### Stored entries
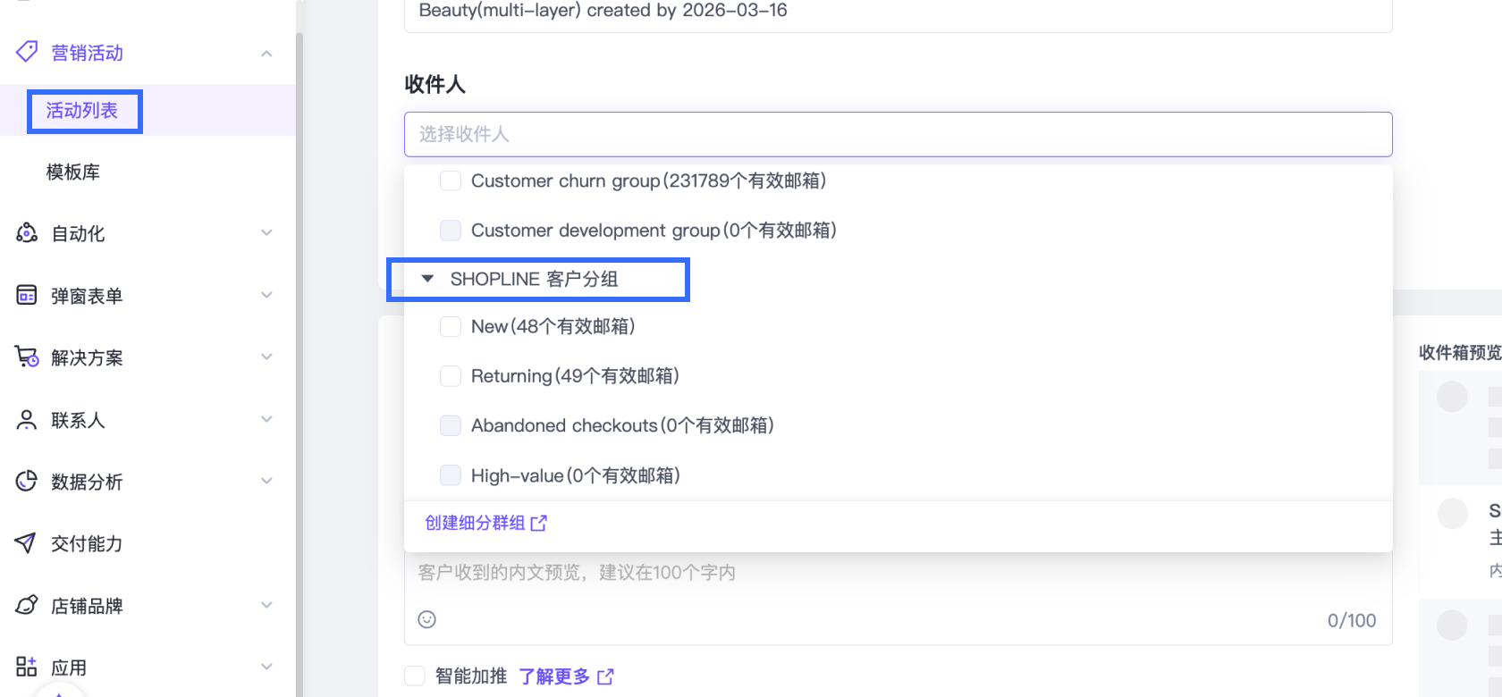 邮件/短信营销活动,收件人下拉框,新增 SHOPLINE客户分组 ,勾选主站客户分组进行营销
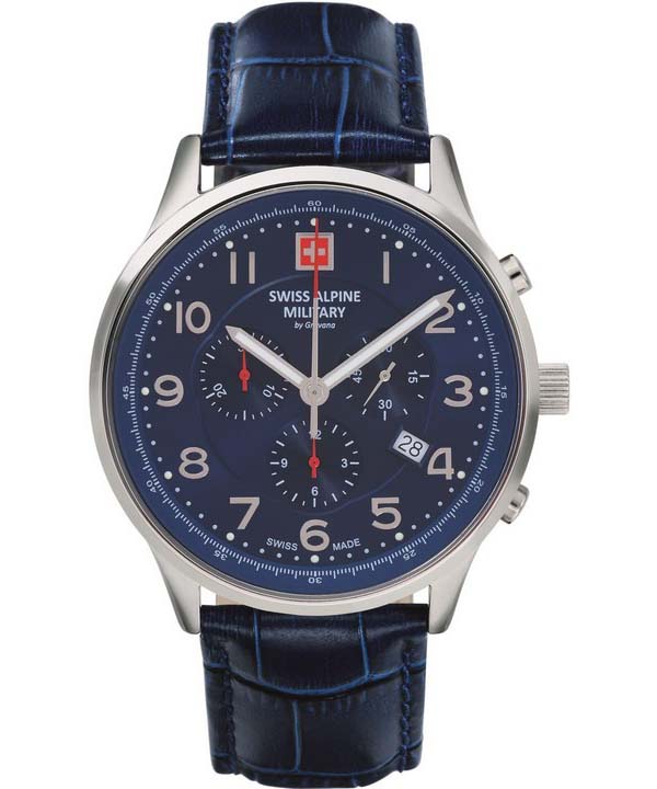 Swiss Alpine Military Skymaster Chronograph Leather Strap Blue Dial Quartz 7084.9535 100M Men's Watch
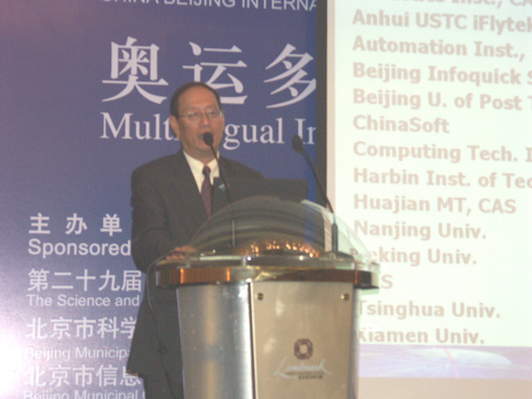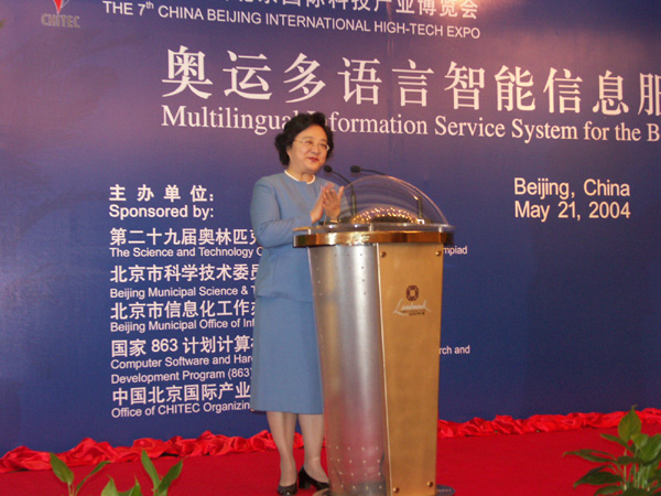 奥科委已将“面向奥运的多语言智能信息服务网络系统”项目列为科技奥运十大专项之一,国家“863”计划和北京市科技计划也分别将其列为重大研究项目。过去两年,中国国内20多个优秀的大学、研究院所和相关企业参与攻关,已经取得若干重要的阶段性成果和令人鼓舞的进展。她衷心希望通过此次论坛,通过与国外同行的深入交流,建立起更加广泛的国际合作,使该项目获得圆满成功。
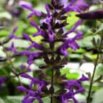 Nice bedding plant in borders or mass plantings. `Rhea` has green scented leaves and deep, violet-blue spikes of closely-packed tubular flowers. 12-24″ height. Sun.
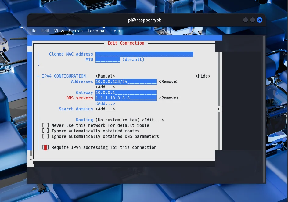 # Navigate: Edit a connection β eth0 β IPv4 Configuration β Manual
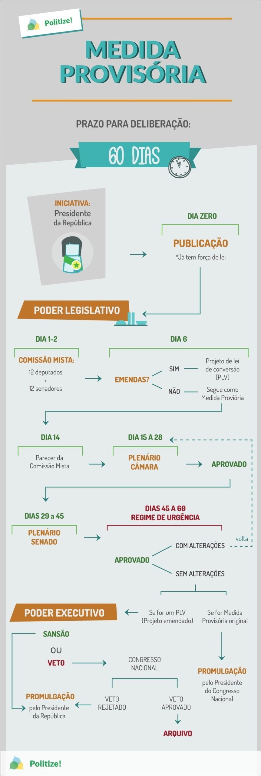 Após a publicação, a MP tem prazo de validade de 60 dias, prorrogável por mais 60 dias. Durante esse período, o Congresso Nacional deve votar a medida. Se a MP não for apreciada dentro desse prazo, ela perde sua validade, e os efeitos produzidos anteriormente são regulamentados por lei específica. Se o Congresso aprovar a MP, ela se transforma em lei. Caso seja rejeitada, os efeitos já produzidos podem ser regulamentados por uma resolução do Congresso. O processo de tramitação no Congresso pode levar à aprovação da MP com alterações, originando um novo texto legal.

### TASK STATEMENT
Without the pictures, repeat exactly the lines running from the line containing "Swiss Alpine Military" through the end of the data, both ends included.

### OUTPUT OF THE EXERCISE
 Swiss Alpine Military Skymaster Chronograph Leather Strap Blue Dial Quartz 7084.9535 100M Men's Watch
 奥科委已将“面向奥运的多语言智能信息服务网络系统”项目列为科技奥运十大专项之一,国家“863”计划和北京市科技计划也分别将其列为重大研究项目。过去两年,中国国内20多个优秀的大学、研究院所和相关企业参与攻关,已经取得若干重要的阶段性成果和令人鼓舞的进展。她衷心希望通过此次论坛,通过与国外同行的深入交流,建立起更加广泛的国际合作,使该项目获得圆满成功。
 Nice bedding plant in borders or mass plantings. `Rhea` has green scented leaves and deep, violet-blue spikes of closely-packed tubular flowers. 12-24″ height. Sun.
 # Navigate: Edit a connection β eth0 β IPv4 Configuration β Manual
 Após a publicação, a MP tem prazo de validade de 60 dias, prorrogável por mais 60 dias. Durante esse período, o Congresso Nacional deve votar a medida. Se a MP não for apreciada dentro desse prazo, ela perde sua validade, e os efeitos produzidos anteriormente são regulamentados por lei específica. Se o Congresso aprovar a MP, ela se transforma em lei. Caso seja rejeitada, os efeitos já produzidos podem ser regulamentados por uma resolução do Congresso. O processo de tramitação no Congresso pode levar à aprovação da MP com alterações, originando um novo texto legal.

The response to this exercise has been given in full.